A gun protrudes from the moon and shoots down a space craft. This is the cover of Amazing Stories, October 1959.

Whose Evaluation Is It, Anyway?: Outsourcing Teacherly Judgement

An unpopular thing about me is I always basically enjoyed marking. Like, not the grading part — I always struggled with numerating the denominator and I just don’t believe there’s a meaningful difference between a B- essay and a C+ one in the honest-to-goodness real world — but the marking part? Entering into discourse with my students? From a time perspective, it always damn near killed me, but I genuinely always enjoyed it.

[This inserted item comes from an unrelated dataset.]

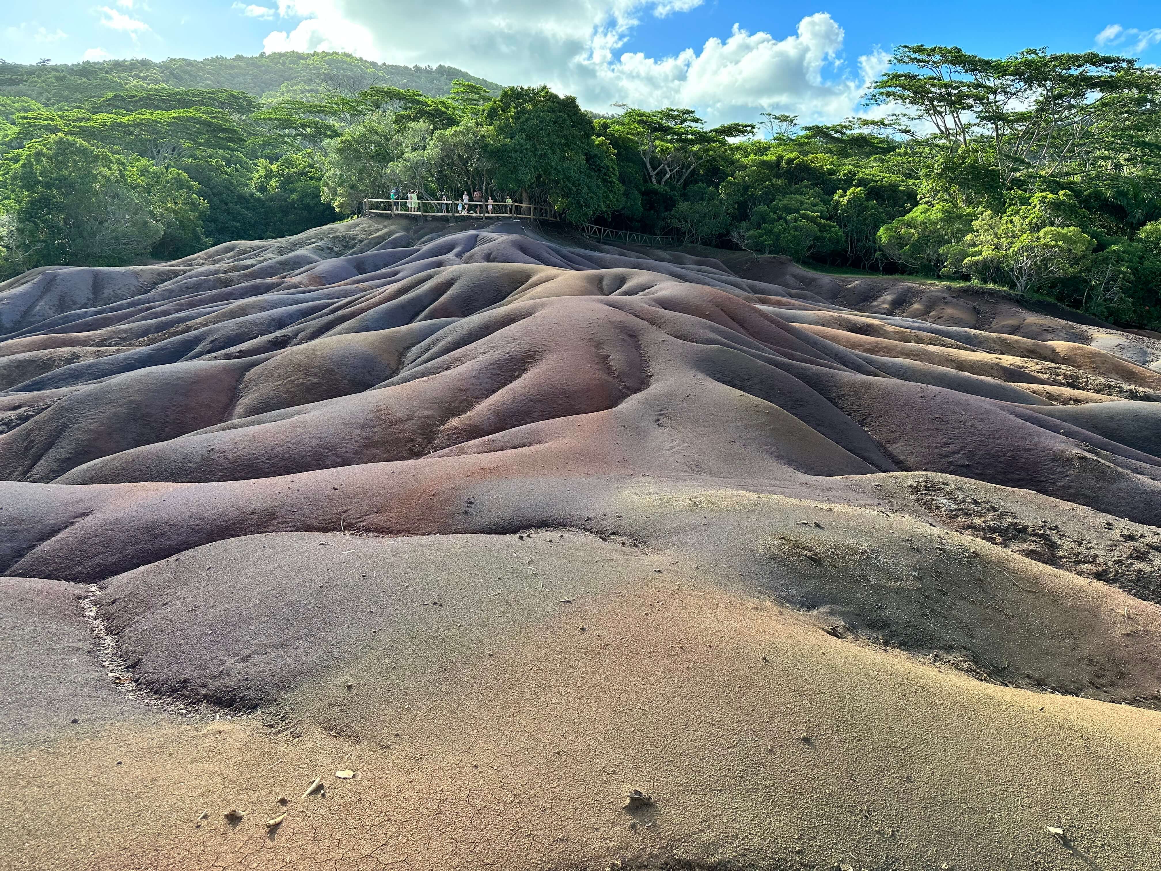 Завершился день осмотром одной из главных достопримечательностей небольшого государства – многоцветной земли Шамарель. Она состоит из песчаных дюн семи различных оттенков.

That said, I’ve always worked in roles where I basically had the freedom to eschew a lot of the parts of evaluation that didn’t make sense to me, like taking attendance (I am bad at enforcing it and also don’t care) and participation (I don’t know how to evaluate your engagement unless I exclusively use metrics, like hand-raising and speaking in class, that would have wildly disadvantaged me as a student) and late penalties (see attendance). I can see how if you had to spend a lot of time with a practice that was alien from your own values about what “mattered” in the classroom, that would grind you down over time. That inability to act within your own values as a teacher is no small thing: as we’ve talked about around these parts before, it leads to moral stress and burnout.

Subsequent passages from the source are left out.